Solomon's Seal is called Polygonatum biflorum because it has a couple flowers at each leaf axil, rather than at the end. Even latin can make sense sometimes.


Other wildflowers peeping up through the leaves are wood anemone and trout lily, their flowers past,

mayapple

pink wood sorrel,


and jack-in-the-pulpit. Three of these grew near my childhood home, their hoods an object of early fascination.




Maple-leaf Viburnum seedlings and bloodroot rise above the natural mulch of leaves protecting the soil.


There's a heartening diversity of native shrubs in the understory. To the blackhaw Viburnums and spicebush common elsewhere are added the maple-leaf Viburnum,


and occasional blueberries (the Kramer inventory from the 1960s lists four species of Vaccinium).

Among the thousands of nonnative winged euonymus are a grand total of two native Euonymus americana, sometimes called strawberry bush or hearts-a-burstin, that somehow grew tall enough to elude the deer, who seem to prefer munching on this shrub above all others. They keep the rest of this shrub's population in a state of arrested development, several inches high. With some protection, those too could grow to maturity.


Either a new discovery or an old forgotten discovery was a dogwood that doesn't have the cobbled bark. Digging back into the memory banks, I checked the branching--alternate rather than the flowering dogwood's opposite branching. Alternate-leaved dogwood! And not one but two found during the walk. For someone wanting to see Princeton's preserves regain a past diversity, these warmed the heart.

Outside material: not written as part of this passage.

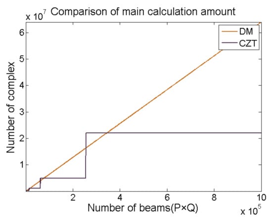 Although [22,23] compared the complexity of D&S, DM and CZT beamforming algorithms at the analytical level, and obtained the conclusion that the performance of CZT is always the optimal, according to Equations (3)–(5), some parameters of the three beamforming algorithms in the digital system can be initialized, and we found that the computational efficiency of DM was not completely lower than that of CZT. In the analytic formula, both D&S and DM are calculated in the form of 2-D multiplication and addition, but D&S is used to calculate beam signals with a time series sm,n(t), because k is fixed and DM is used to calculate beam signals with a complex parameter Sm,n(k). Thus, although the physical meaning of D&S is very obvious, when K is equal to 256, the computational efficiency of D&S will be lower than DM thoroughly. Therefore, we only discuss the computational efficiency of DM and CZT methods. Figure 3 compares the computational complexity of the digital signal processing system for achieving DM and CZT in various beam dimensions when M = N = 8. When P + 2M − 2 is less than L1 and Q + 2N − 2 is less than L2, CM,N and DP+M−1,Q+N−1 will be zero-padded to the size of L1 × L2, so we can find in Figure 3 that the calculation amount of CZT algorithm does not change with the increase of beam number in a certain region. We can also find that the computational efficiency of CZT is inferior to that of DM when P + 2M − 2 is slightly larger than a certain 2N+. In this work, because of P = Q = 90, thus, we can conclude that the CZT algorithm is the best choice.

And then a mystery shrub, a Viburnum with reddish tint and red petioles. Also two found, but its name not to be found in any past inventories.

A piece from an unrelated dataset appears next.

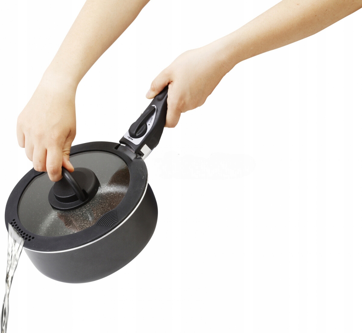 - Має отвір для ручки для кріплення каструль і сковорідок

Note: This has been identified as Tea Viburnum.



Other sites seen: a musclewood secure in its height, feeding the deer with its stump sprouts.

We've done enough researching of his papers at the Library of Congress to know that Oswald Veblen, who with his wife Elizabeth donated land for Herrontown Woods in 1957, was not happy about the gas pipeline being built. As you can see, it's become a monocrop of mugwort.

One curious, bristly nonnative is the Japanese angelica, which looks very similar to the native Devil's Walking Stick. We've been "browsing" this one, too, since the deer do not.

Last stop was the Veblen House grounds, where the Friends of Herrontown Woods has planted native hazelnuts, pawpaws, and a few of these butternuts--a tree with edible nuts that we're helping local expert Bill Sachs to reestablish in Princeton's preserves.